Here, the idea is to test a model that has been trained on several languages in a federated learning setup on a previously unseen dataset without any additional training procedure.

  1. Open a terminal or use the Anaconda prompt (Windows) and activate your virtual environment (e.g., conda activate fl-cs)
  2. Navigate to the folder in which the evaluate_externally.py script is located (e.g., cd your-path/federated-learning-connected-speech/src/fl_connected_speech)
  3. Start the client (e.g., python client.py). A log file called external_results.log will be created automatically in data/output/.

Local Evaluation

The general idea is to investigate whether the performance of a federated learning-based model can outperform local models that are only trained on the data from each site. To measure the performance of these local models, you can run the client_evaluate_locally.py script:

  1. Open a terminal or use the Anaconda prompt (Windows) and activate your virtual environment (e.g., conda activate fl-cs)
  2. Navigate to the folder in which the client_evaluate_locally.py script is located (e.g., cd your-path/federated-learning-connected-speech/src/fl_connected_speech)
  3. Start the local evaluation (e.g., python client_evaluate_locally.py).
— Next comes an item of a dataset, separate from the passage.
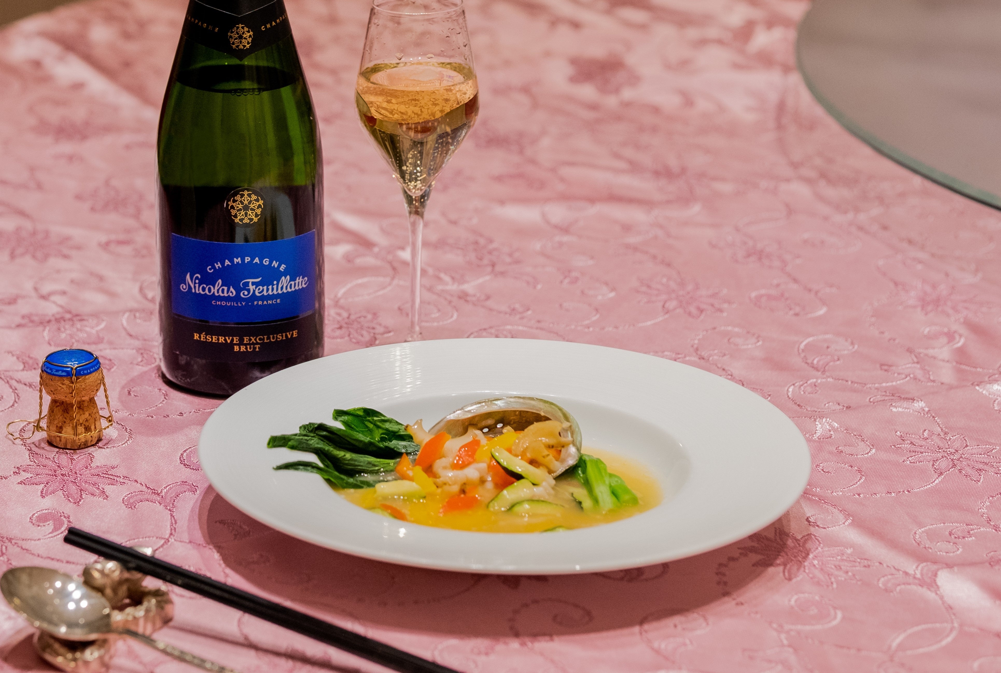 シェフのコメント:「ニコラ・フィアットは上質でバランスがよく自身の優しい料理に合う。シャンパンの香りと旨味が鮑の旨さを引き出すアクセントをイメージしたメニューです。」

A log file called client_local_results.log will be created automatically in data/output/.

Starting the Client

  1. Open a terminal or use the Anaconda prompt (Windows) and activate your virtual environment (e.g., conda activate fl-cs)
  2. Navigate to the folder in which the client.py script is located (e.g., cd your-path/federated-learning-connected-speech/src/fl_connected_speech)
  3. Start the client (e.g., python client.py). A log file called client.log will be created automatically in data/output/.

Ideally, the client should be started in the background, as it will need to stay running until the federated learning rounds are completed (e.g., through nohup or screen on Linux, possibly start on Windows).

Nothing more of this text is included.